Instructions to follow
Only the lines below between the one holding "Вытяжной вентилятор 100" and the one holding "Innen: 1 gefüttertes", inclusive, are to be reproduced word for word; the pictures are to be left out.

Exercise data

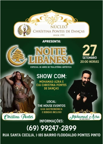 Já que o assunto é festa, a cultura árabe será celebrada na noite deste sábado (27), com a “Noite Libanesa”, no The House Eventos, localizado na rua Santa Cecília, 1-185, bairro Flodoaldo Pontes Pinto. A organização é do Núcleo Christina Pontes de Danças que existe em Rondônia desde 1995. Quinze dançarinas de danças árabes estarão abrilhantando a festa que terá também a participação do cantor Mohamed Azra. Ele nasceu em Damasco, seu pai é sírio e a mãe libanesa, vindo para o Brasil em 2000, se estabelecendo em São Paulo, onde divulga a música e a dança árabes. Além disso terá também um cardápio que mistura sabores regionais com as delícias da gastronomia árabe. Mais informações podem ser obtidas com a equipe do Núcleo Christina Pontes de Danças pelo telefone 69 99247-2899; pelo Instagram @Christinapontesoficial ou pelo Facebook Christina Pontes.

* * *

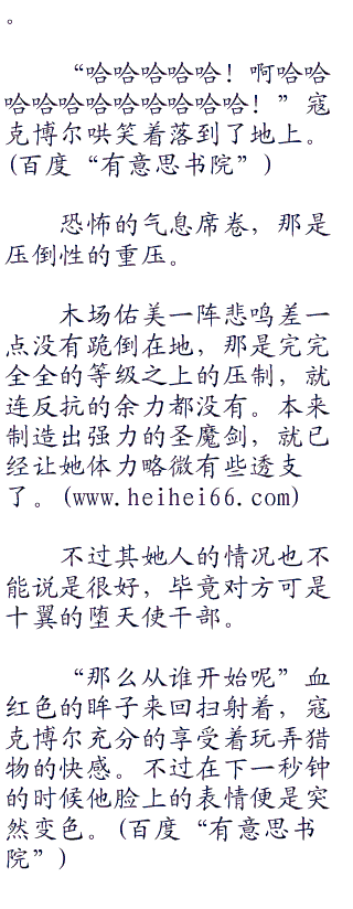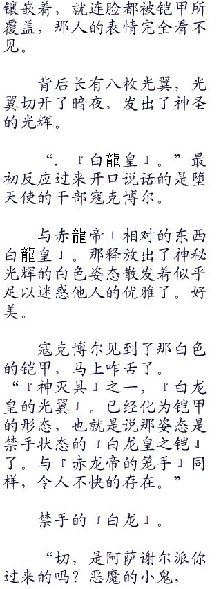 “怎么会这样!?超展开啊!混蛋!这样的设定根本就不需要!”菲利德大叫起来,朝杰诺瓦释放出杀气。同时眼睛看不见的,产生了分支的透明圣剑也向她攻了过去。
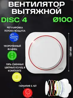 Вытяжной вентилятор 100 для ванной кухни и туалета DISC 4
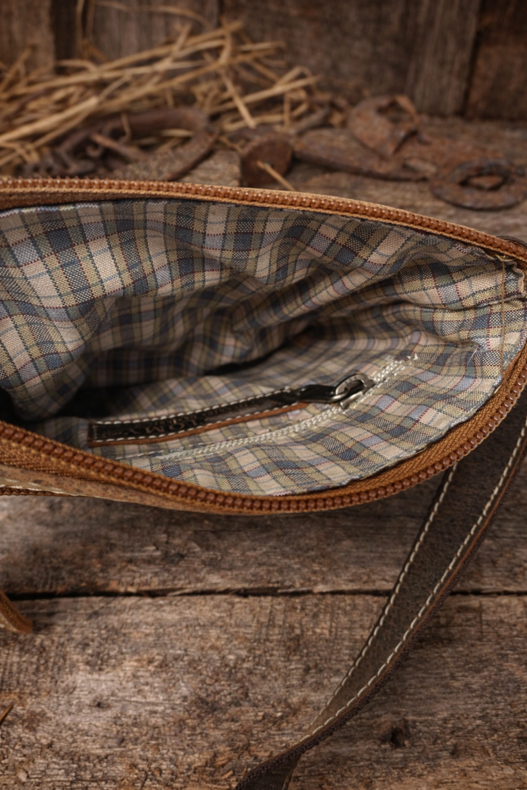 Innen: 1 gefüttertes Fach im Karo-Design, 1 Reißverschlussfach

Response to the task
 Вытяжной вентилятор 100 для ванной кухни и туалета DISC 4
 Innen: 1 gefüttertes Fach im Karo-Design, 1 Reißverschlussfach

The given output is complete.